REQUIREMENT ->
Transcribe exactly, and only, the lines running from the one with "Tenké plastové stláčacie" to the end of the entries below, both included, without any pictures.

(Beginning of SUPPLIED RECORDS)

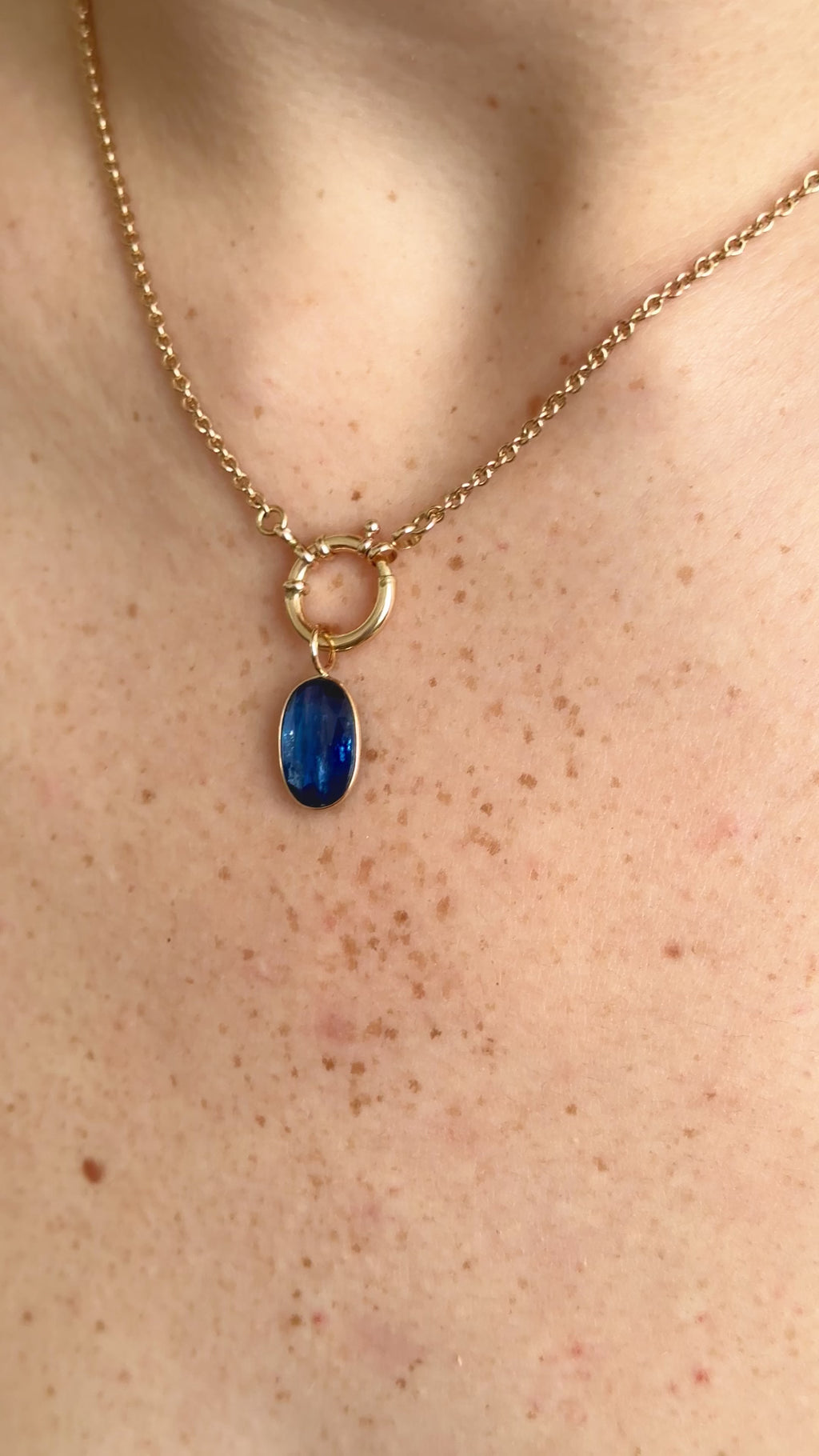 Blue Kyanite Oval Cut Charm in 14k Yellow Gold
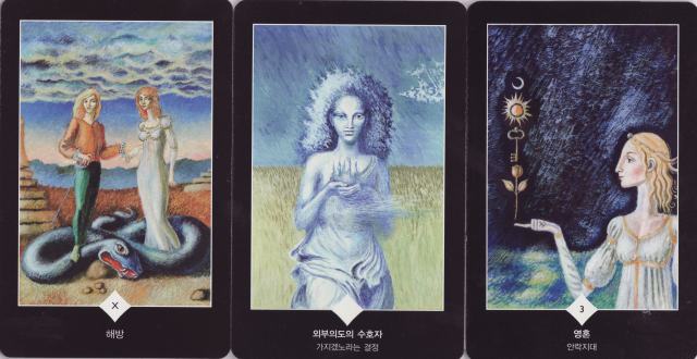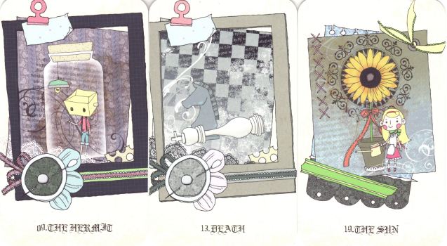 24 February 2009 There is a growing body of Korean tarots. Many of these are directed towards a younger audience. The Tarot Card Diary is such a production, consisting of an illustrated diary together with a set of 22 tarot cards. The images are rather sweet. I liked the image of the Hermit in his glass jar, complete with a light bulb. Death is nicely represented as a checkmate, while the Sun has a sunflower.
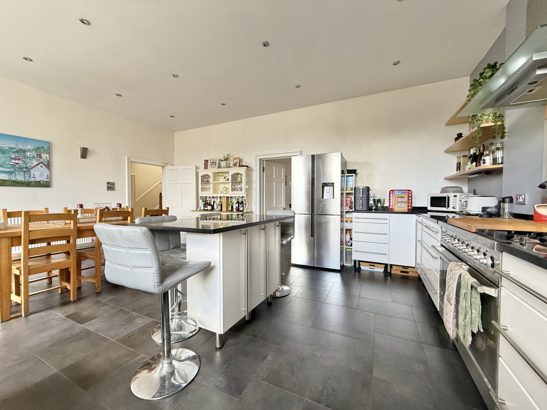 KITCHEN/DINING: 6.1m x 4.8m (20'0" x 15'9"), Windows to the front, radiator, base cupboards and drawers with worktop over, space for cooker with hood over, twin sinks with chiselled drainer, island with storage under, space for dishwasher.
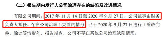 公司监事要对公司董事、高级管理人员的履职进行监督,因此公司监事不能由董事、高级管理人员担任,否则会产生自己监督自己的悖论。招股书披露,在有限公司阶段,2017 年 11 月 14 日至 2020 年 9 月 27 日,公司监事由财务负责人担任,存在公司治理不完善的情形,已于 2020 年 9 月 27 日进行了整改完善。公司于2020年12月16日才整体变更为股份公司并变更公司名称。
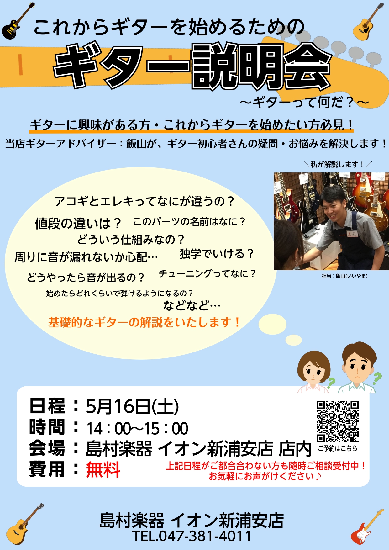 【ギター説明会】開催! これからギターを始める方サポートいたします!5/16(土)14:00~
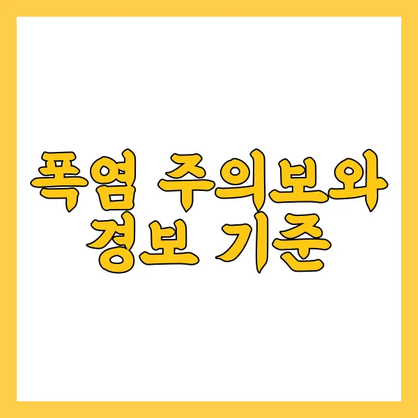 이처럼 폭염 특보 기준이 명확하게 제시되어 있어, 현재 우리가 처한 폭염 상황을 쉽게 파악할 수 있습니다. 특히 폭염 경보가 발령되면 건강에 매우 위험한 상황이므로, 신속한 대응이 필요합니다!
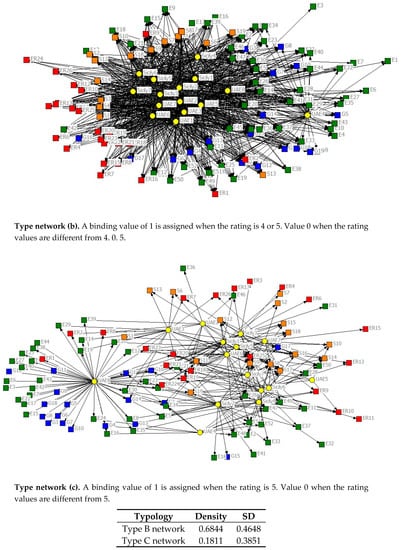 It can be seen that networks connected through information shared with a “best” rating level represent only about 10% of the possible connections. This result necessitated taking the analyses to a deeper level by using different cut off values: (a) 1 if the rating score is 1 or 2; (b) 1 if the rating score is higher than 4; (c) 1 if the rating score is 5. In (a). organic agriculture we can observe the criticalities of the network. while in (b) and (c) we can observe the aspects of excellence of the network.
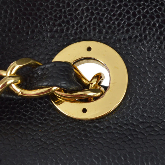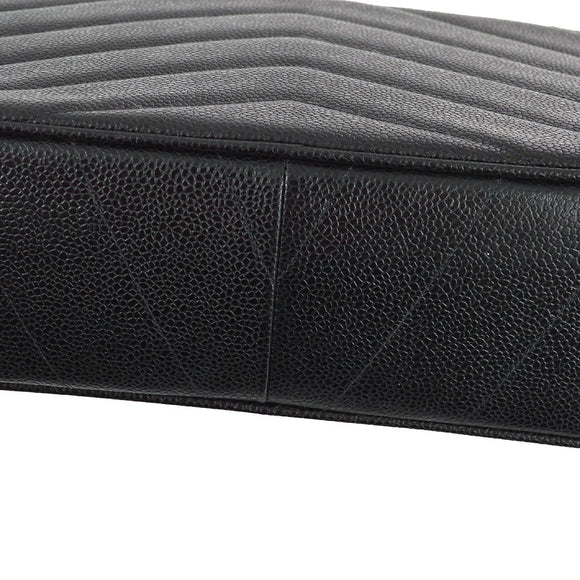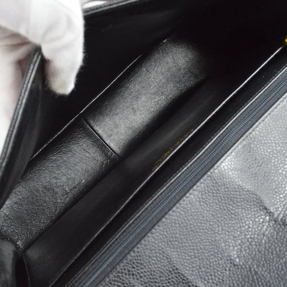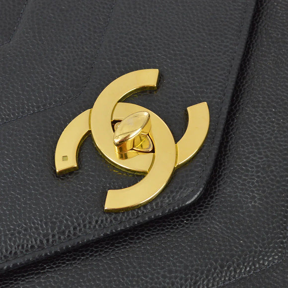 Chanel 1994-1996 Black Caviar Jumbo Chevron Letter Flap Bag
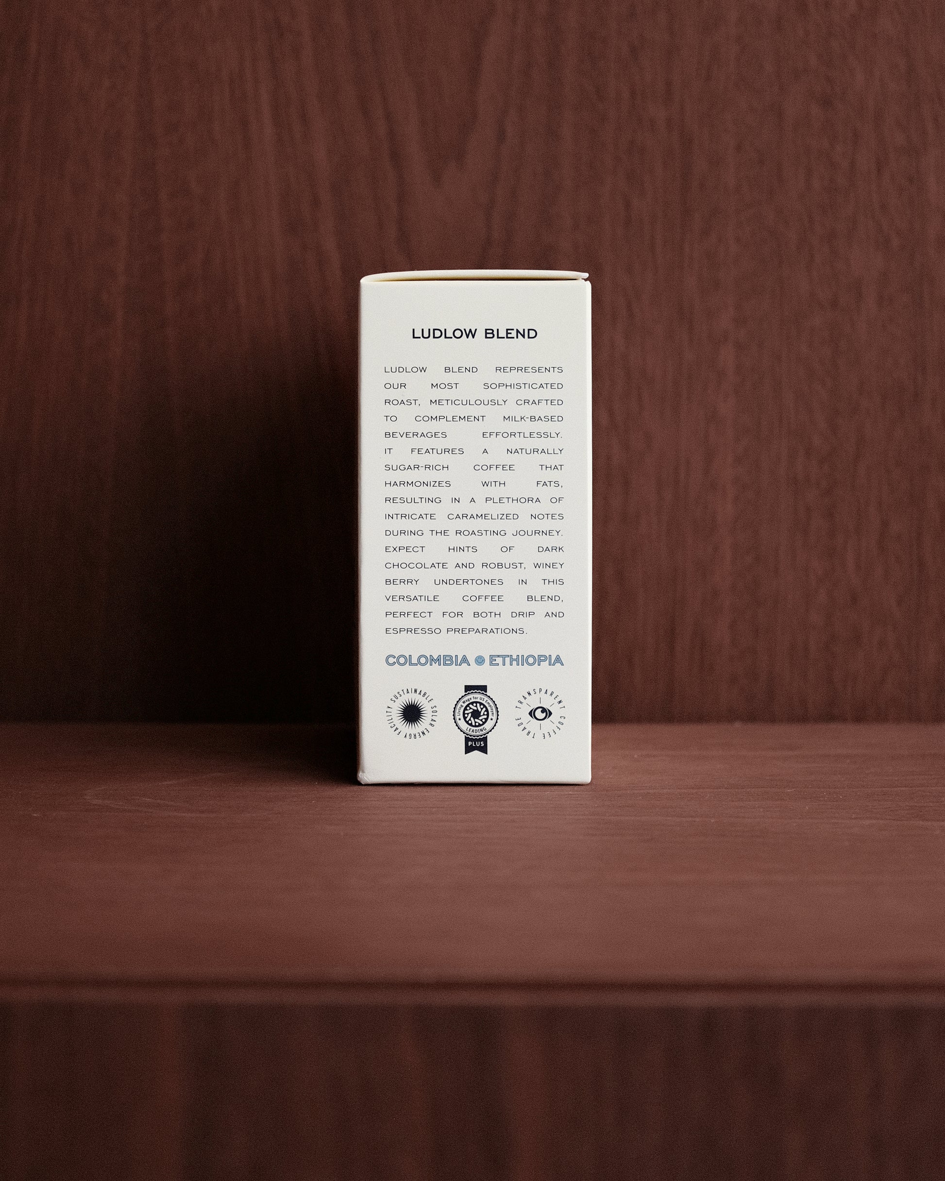 LUDLOW BLEND REPRESENTS OUR MOST SOPHISTICATED ROAST, METICULOUSLY CRAFTED TO COMPLEMENT MILK-BASED BEVERAGES EFFORTLESSLY. IT FEATURES A NATURALLY SUGAR-RICH COFFEE THAT HARMONIZES WITH FATS, RESULTING IN A PLETHORA OF INTRICATE CARAMELIZED NOTES DURING THE ROASTING JOURNEY. EXPECT HINTS OF DARK CHOCOLATE AND ROBUST, WINEY BERRY UNDERTONES IN THIS VERSATILE COFFEE BLEND, PERFECT FOR BOTH DRIP AND ESPRESSO PREPARATIONS.
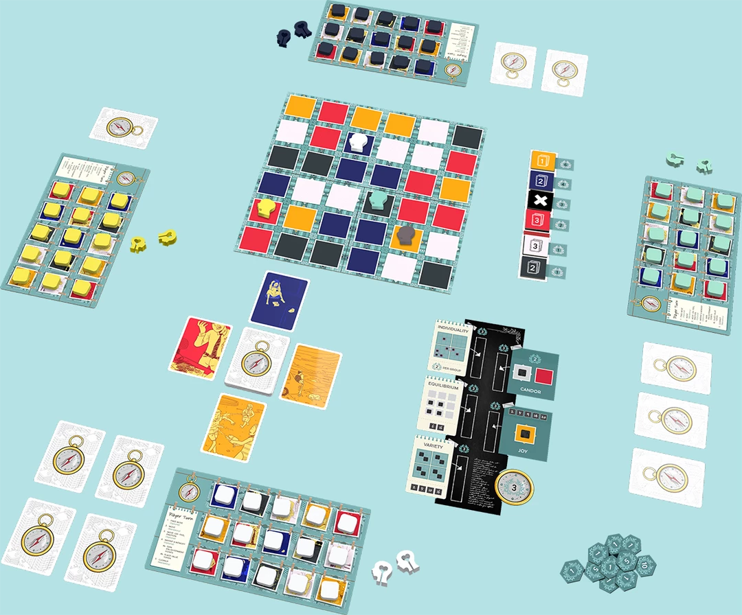 In Inner Compass, you play as one of four characters searching for meaning in their everyday lives. (Sound familiar?) Make the right life choices, experience the full spectrum of emotions, create meaningful memories, and — ultimately — find your own inner compass. The most enlightened player wins!
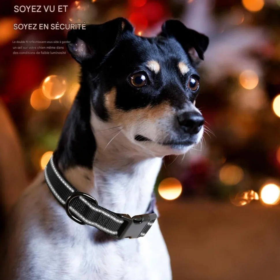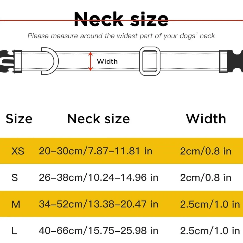 Matériaux de qualité : Le collier est en nylon durable et néoprène rembourré, doux et amical pour la peau du chien.Boucle de sécurité : Boucle ABS de haute qualité avec dégagement rapide et anneau en D robuste, facile à ajuster.Sécurité nocturne : Les sangles réfléchissantes améliorent la visibilité la nuit, protégeant le chien des dangers potentiels.Utilisation variée : Idéal pour l’usage quotidien et d’autres activités, donnant au chien un look mignon et élégant.
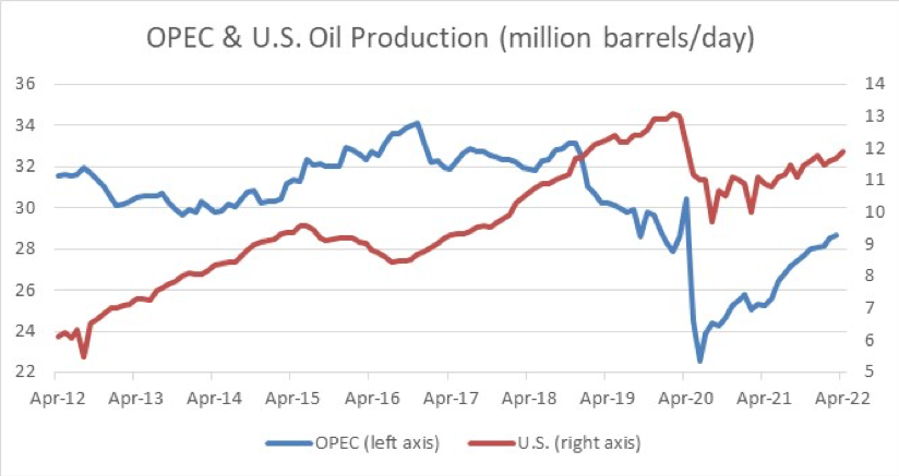 Figure 4. OPEC and U.S. Oil Production, 2012–2022
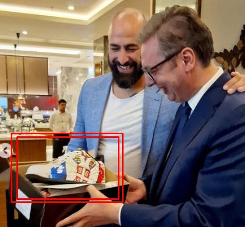 Четири С, многу убав македонски идентитетски поклон од претседателот на Македонската кошаркарска федерација до претседателот на Србија.
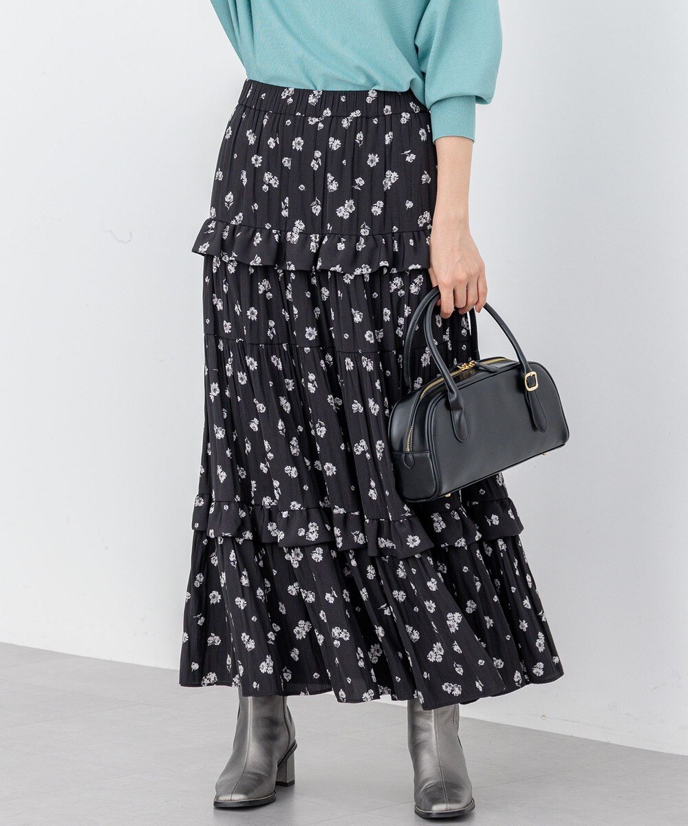 【オンワード】 組曲>スカート 【加藤ローサさん着用 / レングス調整可能】ギャザーライトデシンティアード スカート ブラック 1 レディース
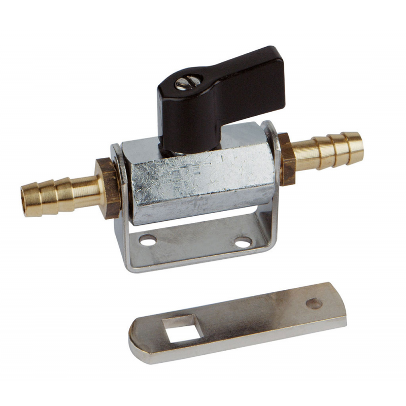 Remoted fuel tap made in chrome plated brass, R.I.Na. type. With a ball mechanism, internal change-over Ø 8 mm., 2 threaded holes of ¼”. Complete with bracket for wall mounting and two fuel line terminals of 1/4 x 10mm.With support you can fix on gasoline pipe, without bracket you canmount directly on gasoline tank.
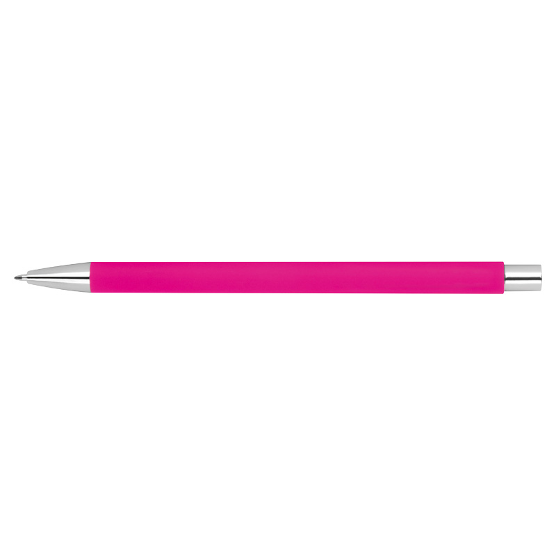 Tenké plastové stláčacie guľôčkové pero so striebornými aplikáciami a modrou náplňou.
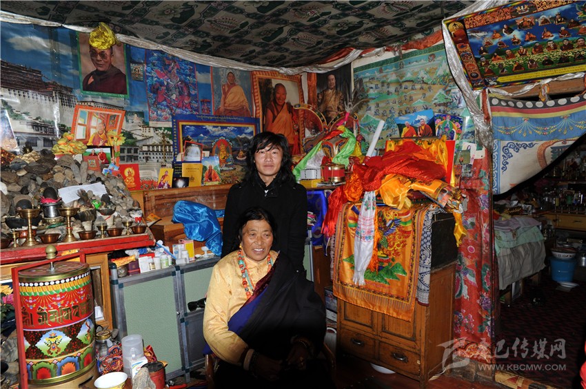 作者與格薩爾說(shuō)唱藝人俄珍卓瑪。

(End of SUPPLIED RECORDS)

RESULT OF THE TASK ->
 Tenké plastové stláčacie guľôčkové pero so striebornými aplikáciami a modrou náplňou.
 作者與格薩爾說(shuō)唱藝人俄珍卓瑪。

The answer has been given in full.